Infrastructure
Failover Hides the First Failure
Automatic failover is supposed to save you, and it does — but it also silently absorbs the first outage, so you cruise along on your last healthy path with no idea you're one failure from down. Monitor each path, not just the service.
- Infrastructure
- Reliability
- Monitoring
- Resilience
Automatic failover is one of those features that works so well it becomes dangerous. You point a client at a primary and a backup, the client quietly retries the backup when the primary stops answering, and the service stays up. Great — that’s the whole point. The trap is that the same mechanism that keeps you running also hides that anything broke. You can lose your primary and never notice, because failover did its job and nothing paged. Now you’re running on your last good path, one more failure from a real outage, and feeling fine about it.
Redundancy is also a silencer
We build redundancy to survive a failure. What’s easy to miss is that surviving a failure and noticing a failure are different goals, and redundancy actively works against the second one. A client that fails over from a primary to a backup experiences exactly what you designed: no user-visible error. The service-level view stays green. The very success of the failover is what keeps the failure off your radar.
Failover converts an outage into a secret. The service is up; you just don’t know how close to the edge you’re running.
So the dashboard that watches “is the service responding?” will happily report all-clear while half your redundancy is gone. You haven’t avoided the outage — you’ve deferred it and removed the warning.
”Up” and “healthy” are different questions
The fix starts with separating two questions you probably conflated:
- Is the service responding? — the user’s question, and the one failover is designed to keep answering “yes.”
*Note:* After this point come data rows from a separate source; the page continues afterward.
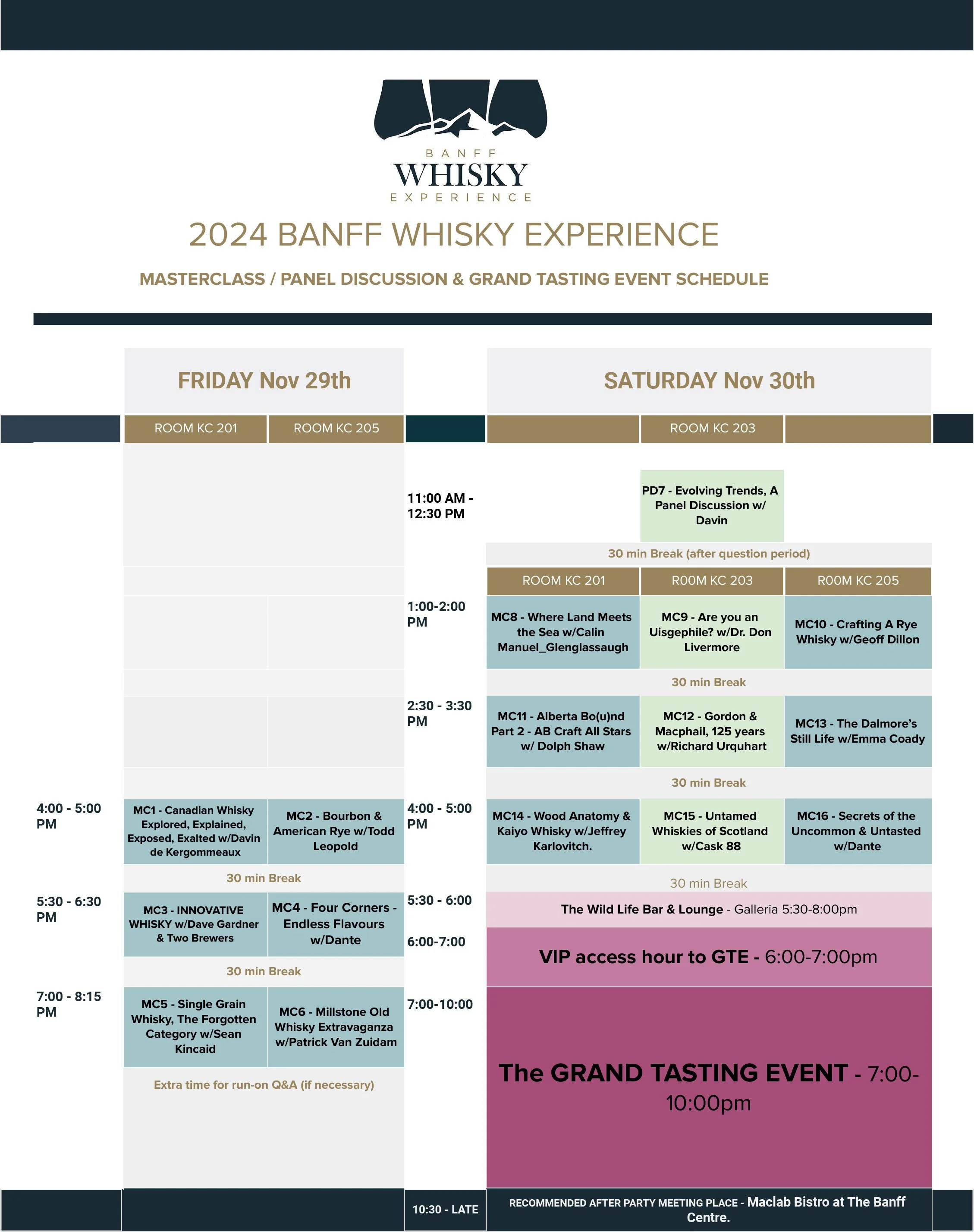 In this most interactive Masterclass, each guest will have the rare opportunity to engage the master distiller / blender / owner of the 5 most “up and coming” craft distilleries in Alberta/Canada. Straight from the cask, their golden elixir will bathe your palate, steeping you in their unique history; all while you learn of the vision and the motivation of these captivating craft entrepreneurs.
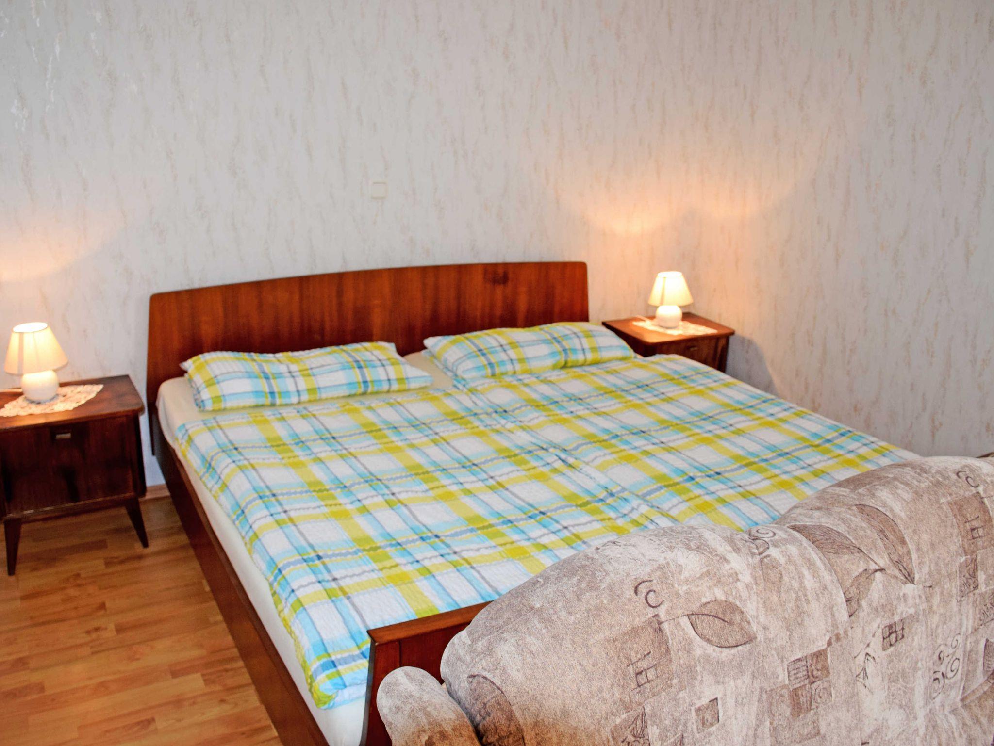 Im Schlafbereich befindet sich ein bequemes Doppelbett mit Nachttischen und Leselampen. Ein kleines Kinderreisebett und ein Hochstuhl können auf Wunsch kostenlos bereit gestellt werden. Für einen 3. Gast wird als Aufbettung ein Reisebett in der Wohnung zusätzlich aufgestellt. Bettwäsche sowie Handtücher können Sie gerne gegen Aufpreis mit hinzubuchen oder selbst mitbringen. Das Bad ist mit Dusche, WC und Waschtisch ausgestattet und verfügt über Tageslicht. Zum Appartement gehört auch eine Sitzecke mit Gartenmöbeln.
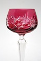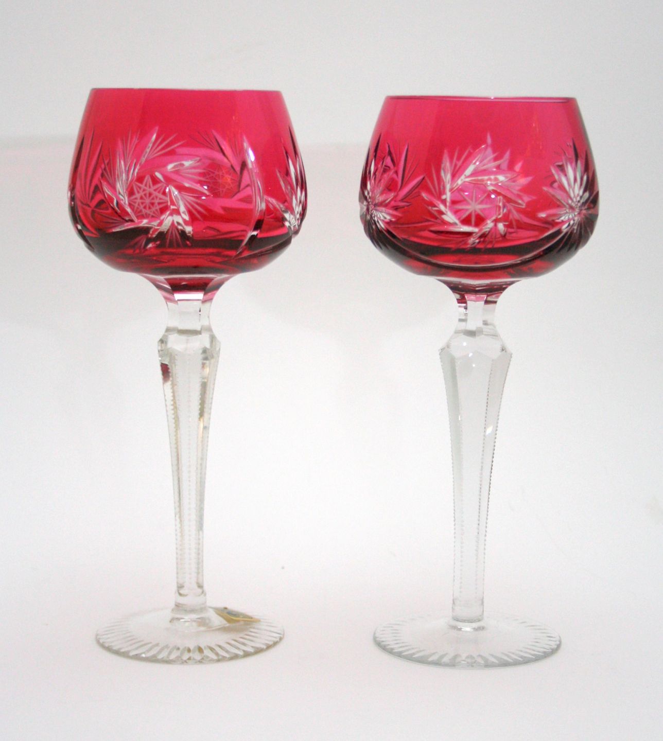 Bøhmisk krystal, Laubitzer. Røde vinglas. Mundblæst og håndskåret kumme og stilk. Højde 19 cm. Pris: SOLGT
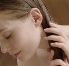 ÉTAPE 1 Après avoir séché vos cheveux, appliquez une quantité d'un quart d'huile dans vos paumes. |
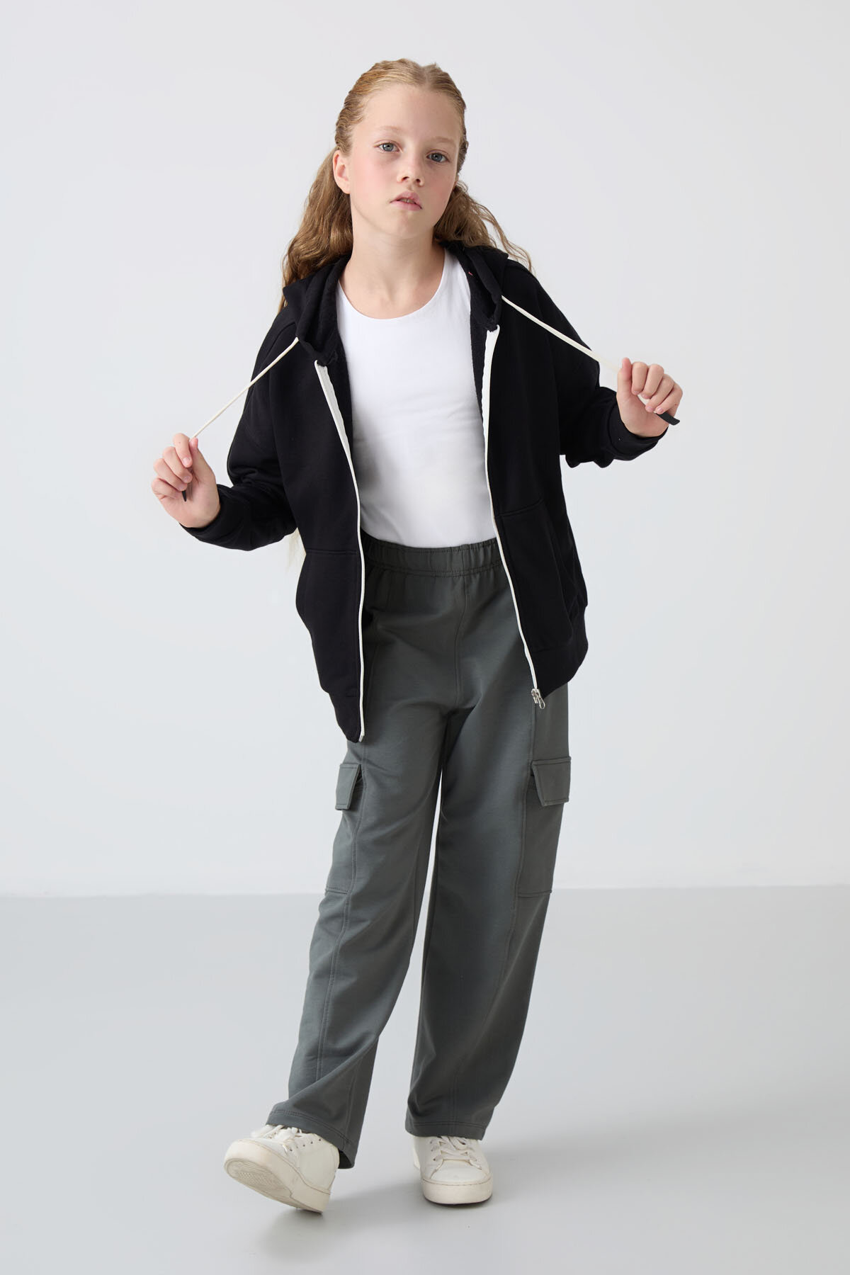 Siyah Pamuklu İçi Tüylü Yumuşak Dokulu Standart Fit Nakışlı Kız Çocuk Sweatshirt - 75149
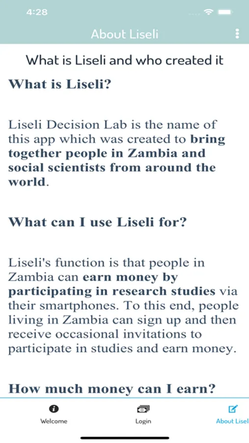 Liseli Decision Lab is the name of this app which was created to bring together people in Zambia and social scientists from around the world. Liseli's function is that people in Zambia can earn money by participating in research studies via their smartphones. To this end, people living in Zambia can sign up and then receive occasional invitations to participate in studies and earn money.
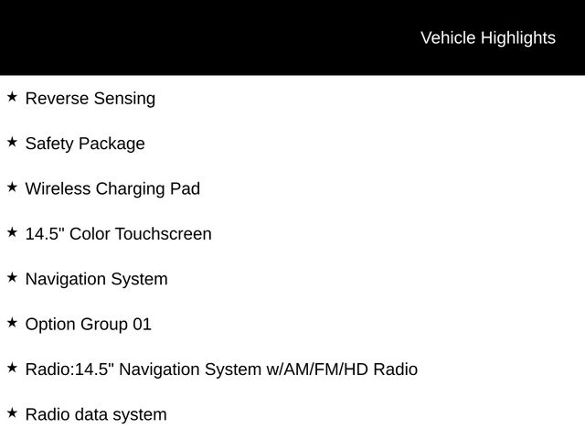 - Radio:14.5" Navigation System w/AM/FM/HD Radio
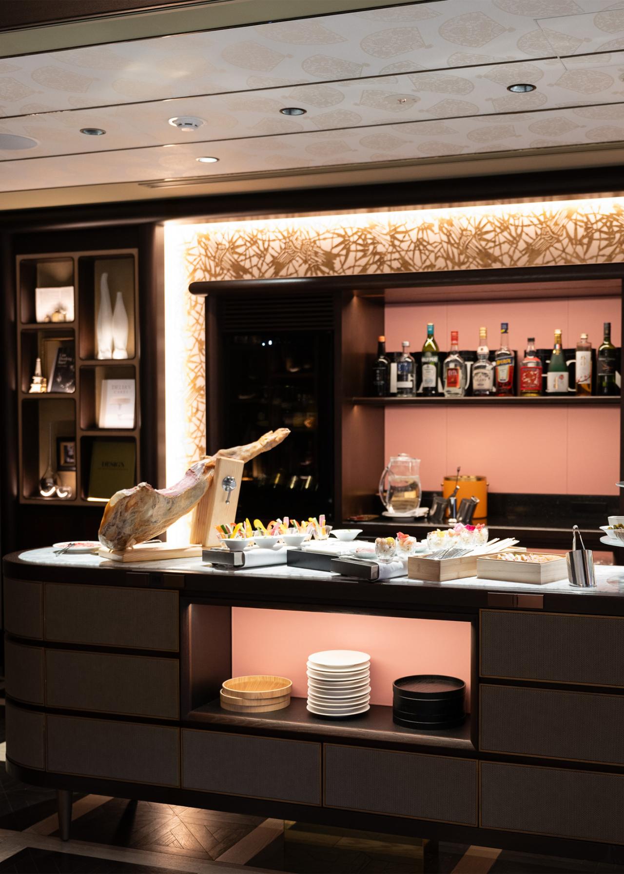 フォションラウンジでの、シャンパンと軽食が彩る優雅なひととき
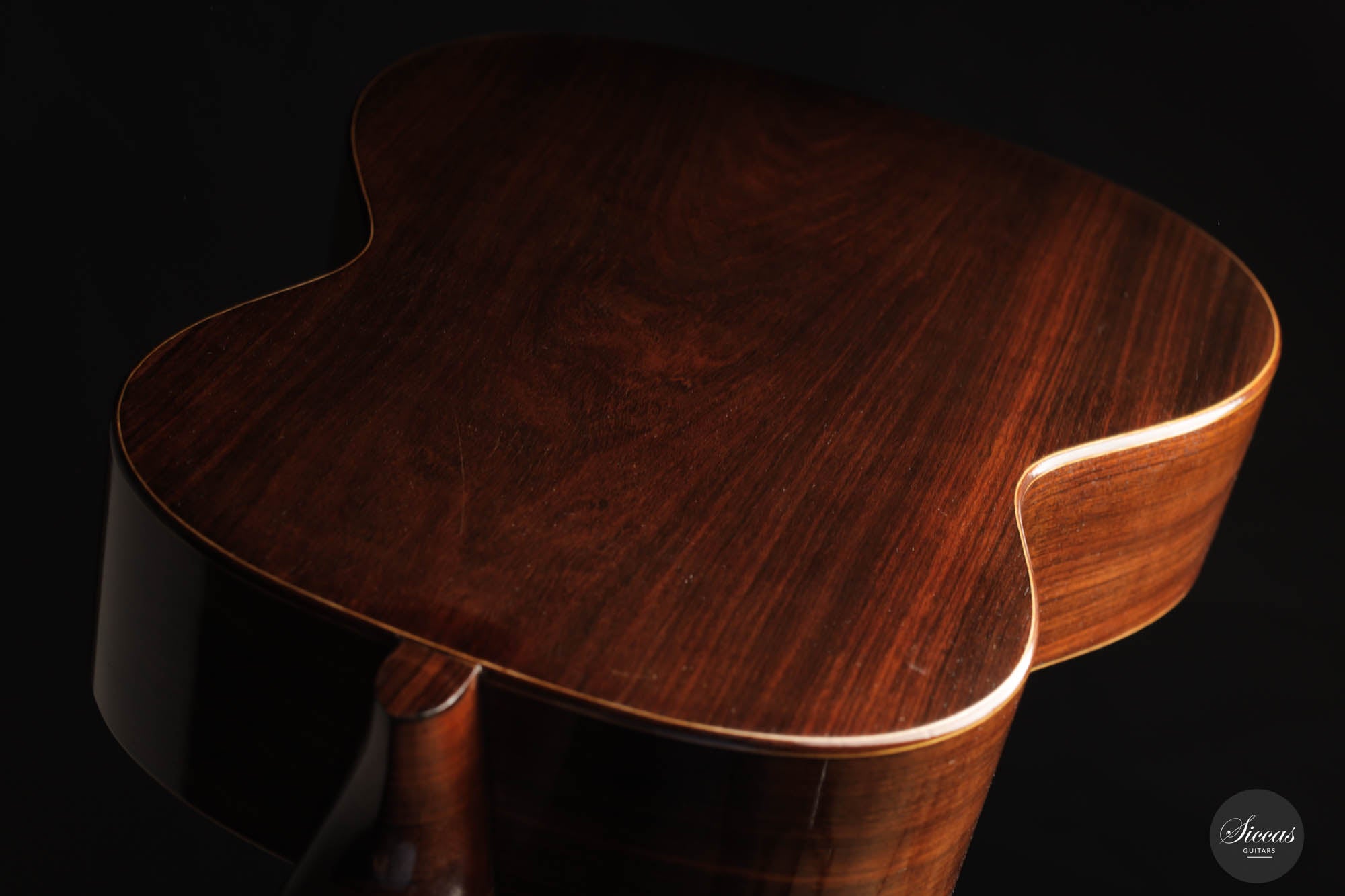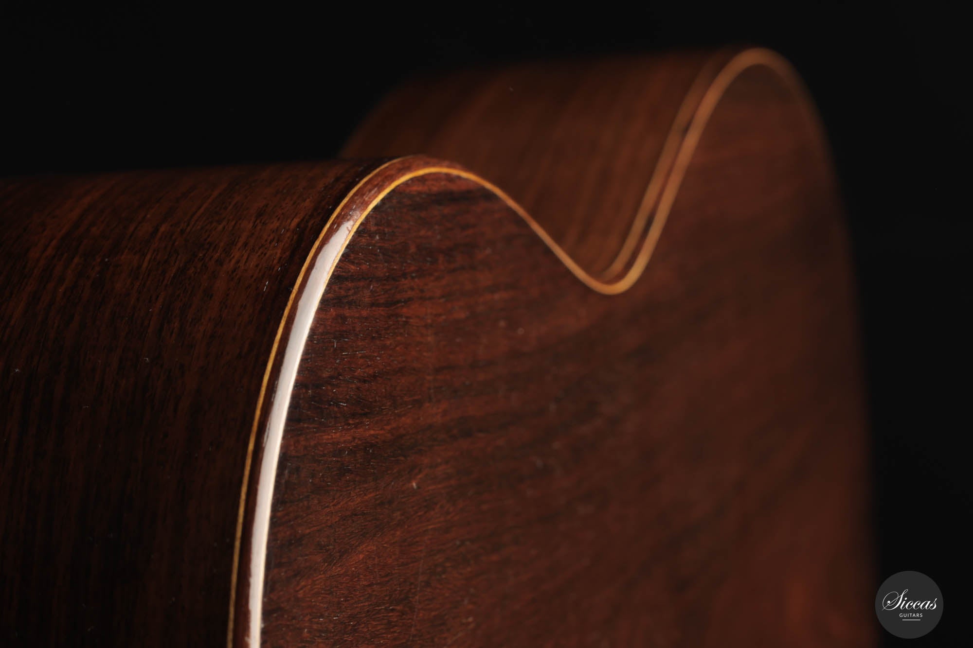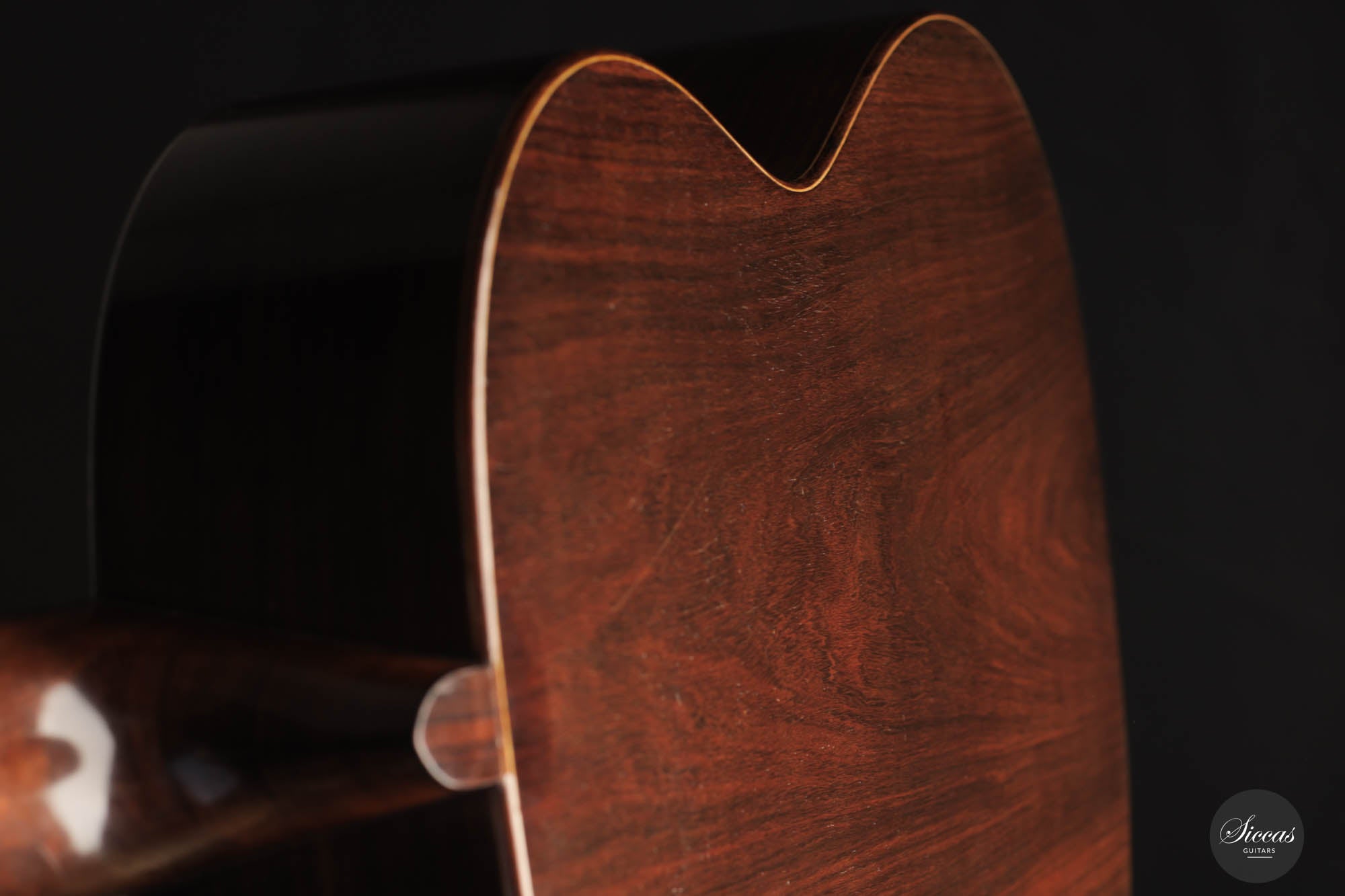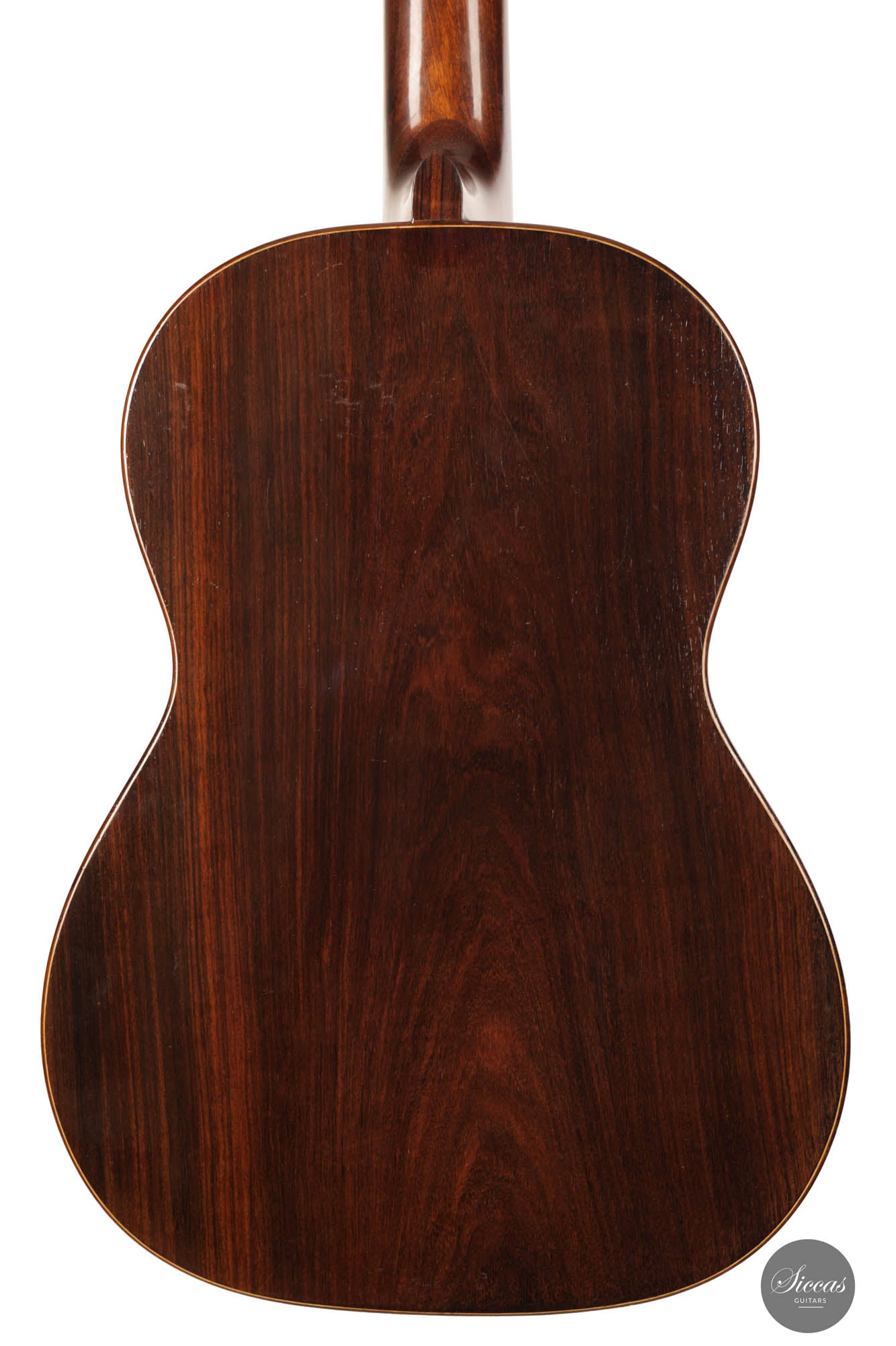 The guitar remains in a remarkably preserved condition, a testament to the superb quality and craftsmanship of Hauser®. Several expertly repaired cracks on the soundboard pay homage to the instrument's journey through time, while adaptations to the modern guitar standard, including the removal of the original zero frets and the end pin on the tail block, present it as a symbiosis of traditional aesthetics and contemporary functionality. Moreover, the French polish of this guitar has been refreshed. Crafted from one-piece Madagascar rosewood at the back and Indian rosewood on the sides, this guitar's exterior bears no structural damage, having defied the tests of time. It's further enhanced by the original Landstorfer tuning machines that are not just ornamental additions but also perform flawlessly, maintaining the guitar's harmonious voice.

- Is every path that’s supposed to be carrying it actually healthy? — the operator’s question, and the one that quietly went unanswered.
When those collapse into a single green light, you’ve built a system that tells you it’s fine right up until the moment both paths are gone. The first failure spent your safety margin, and nothing recorded the withdrawal.
Monitor the components, not just the composite
If a service is fronted by a primary and a failover, the health of each is its own signal — and a primary going down should alert even when the backup seamlessly covers it. The composite “service is up” check is necessary but not sufficient; it’s the sum that hides the missing term. What you want is to know the instant your redundancy degrades from “two healthy paths” to “one,” because that’s the moment your risk doubled while your user impact stayed zero.
Concretely, that means:
- Probe each member directly, not only the front door. A failover target you never test independently might already be dead — and then your “redundancy” is fiction.
- Alert on degraded-but-up, not just down. “Primary unreachable, serving from backup” is a real page, even at full service availability.
- Watch the failover happening. A spike in retries or a flip to the secondary is a signal worth surfacing, because it’s often the only evidence the primary went away.
The failover target you never tested is a guess
There’s a meaner version of this. Redundancy you don’t exercise tends to quietly rot — the backup that was healthy at setup drifts, its config goes stale, its certificate expires — and you find out only when the primary finally fails and the “backup” doesn’t catch. By then both paths are down and the seamless save you were counting on never comes. The only way to know your failover works is to have seen it work, on purpose, recently. This is the same discipline as treating a backup as a restore you haven’t tested yet and replicating across real failure domains — a redundancy you’ve never triggered is a hope, not a safety net.
Count your healthy paths, out loud
The habit I try to keep now is to always know how many independent healthy paths a critical service is actually running on, and to alert the moment that number drops — not the moment it hits zero. Failover is still wonderful; I want it. I just stop trusting it to tell me it fired. The save is invisible by design, so I make the degradation visible by choice. If you’ve been burned by discovering a dead primary only when the backup also fell over, I’d like to hear the story.